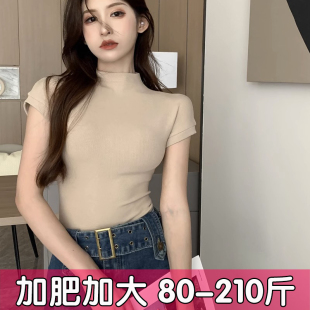 胖mm显瘦辣妹纯欲短款 大码 2026年新款 t恤女夏季 上衣潮 半高领短袖
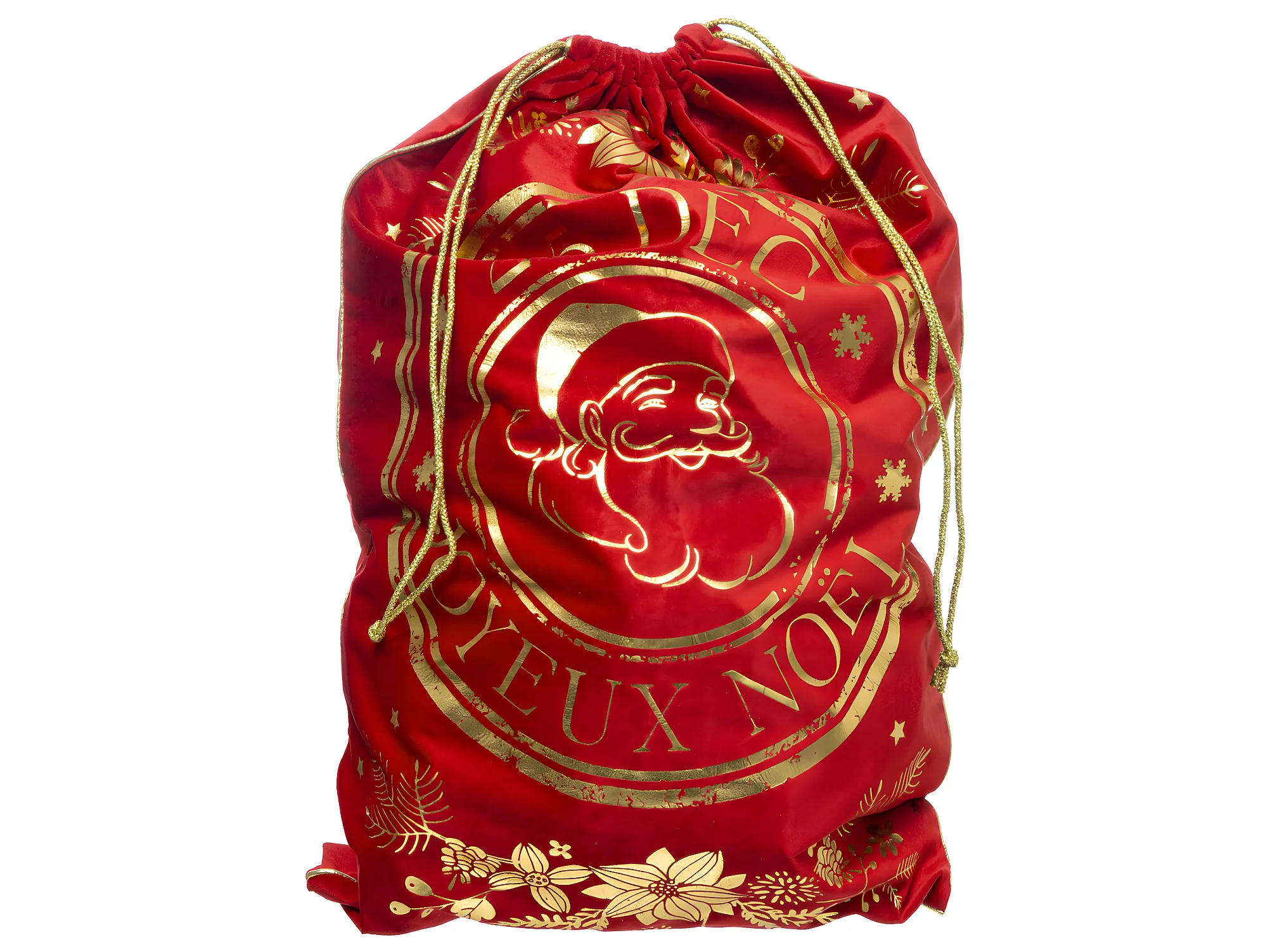 Hotte de Noël Imprimée "Vintage" 70cm Rouge & Or
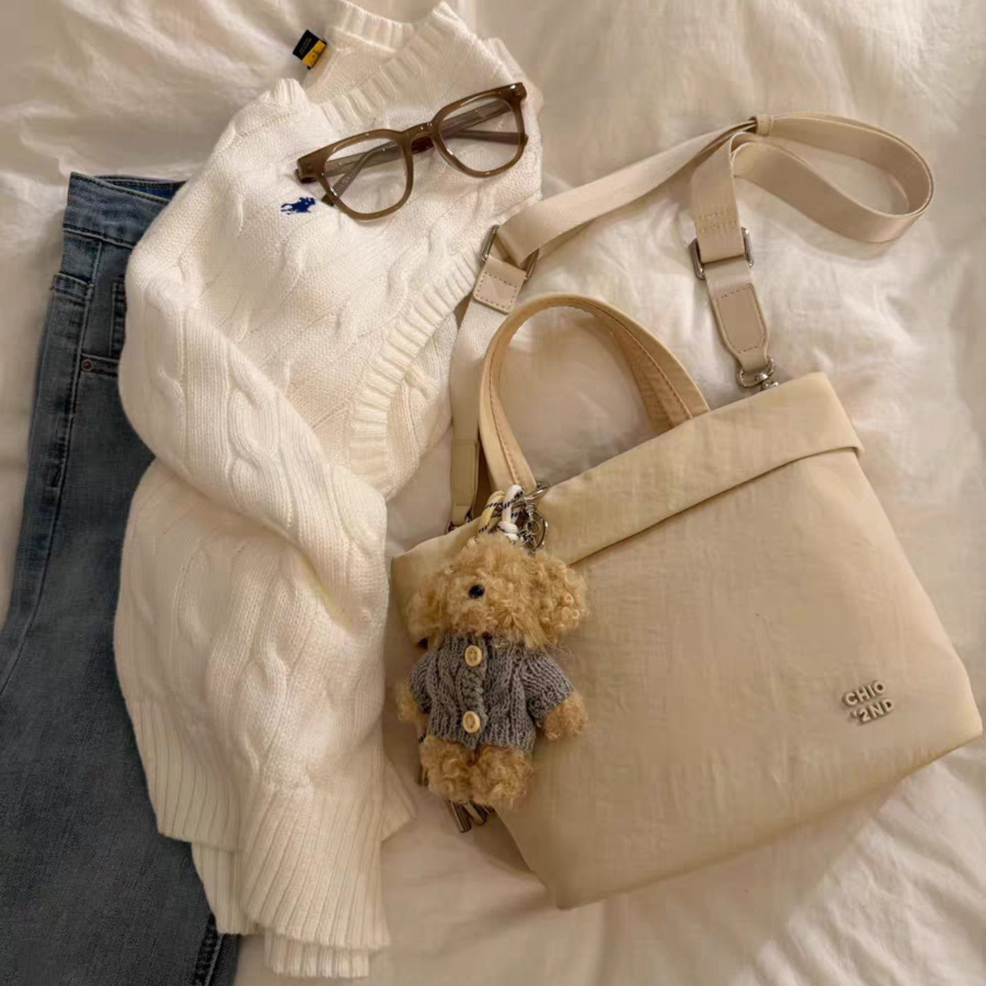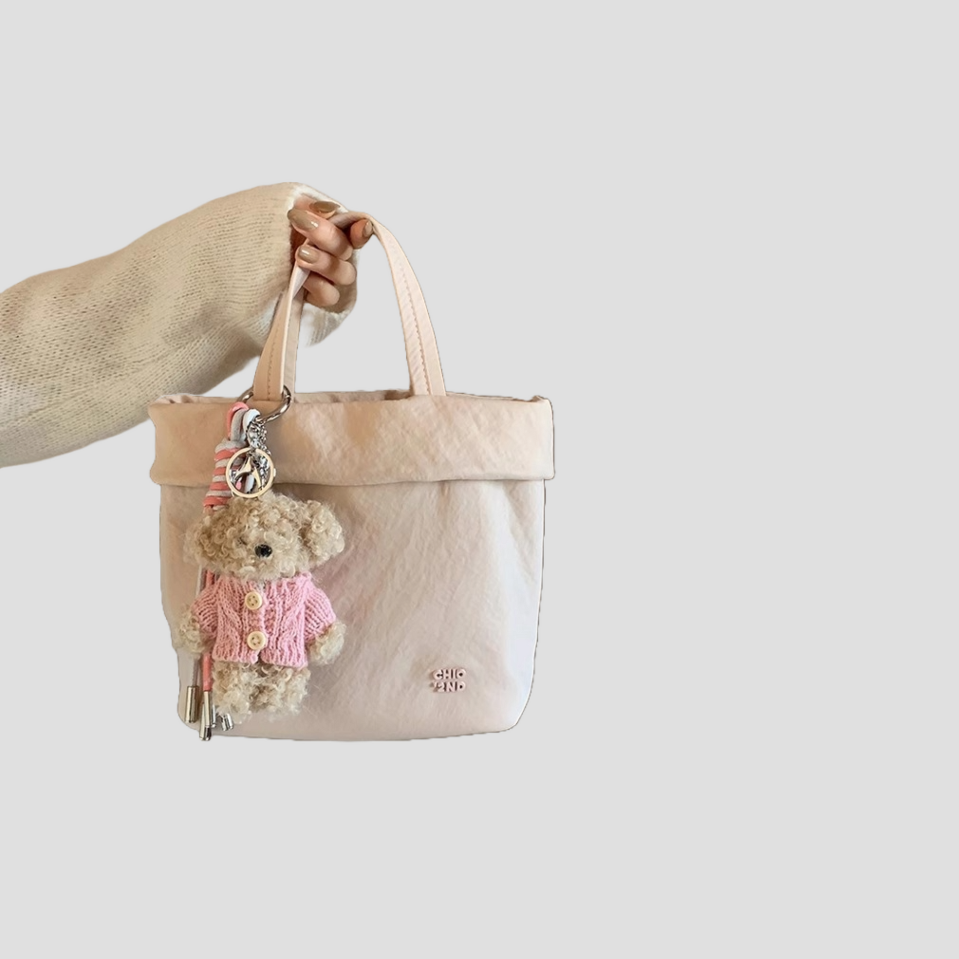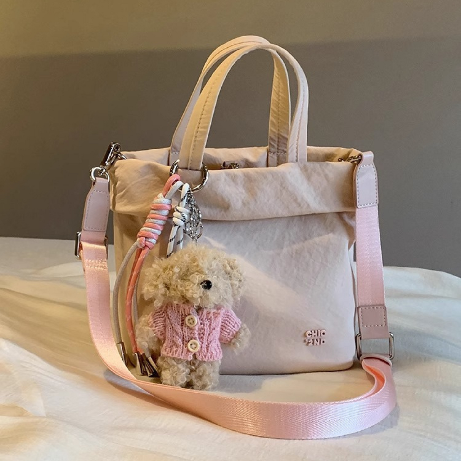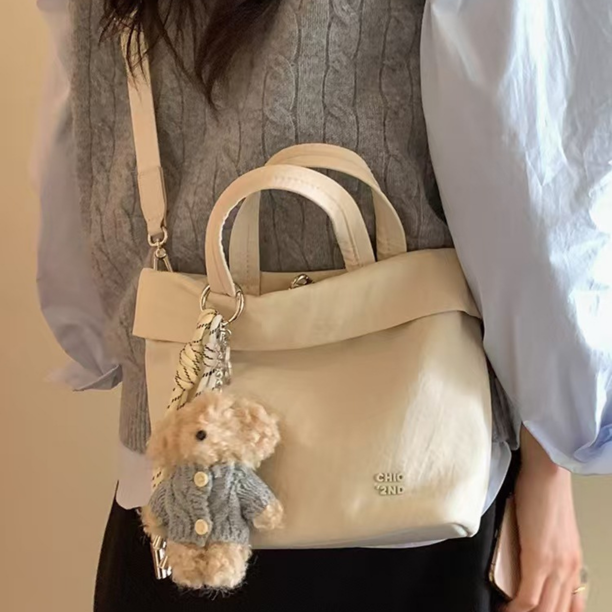 Túi Xách Vải Nhỏ Gọn Phối Charm Gấu
----------
Word for word, write out the full listing, leaving the pictures aside.

▶ **WRITTEN RESPONSE**
 胖mm显瘦辣妹纯欲短款 大码 2026年新款 t恤女夏季 上衣潮 半高领短袖
 Hotte de Noël Imprimée "Vintage" 70cm Rouge & Or
 Túi Xách Vải Nhỏ Gọn Phối Charm Gấu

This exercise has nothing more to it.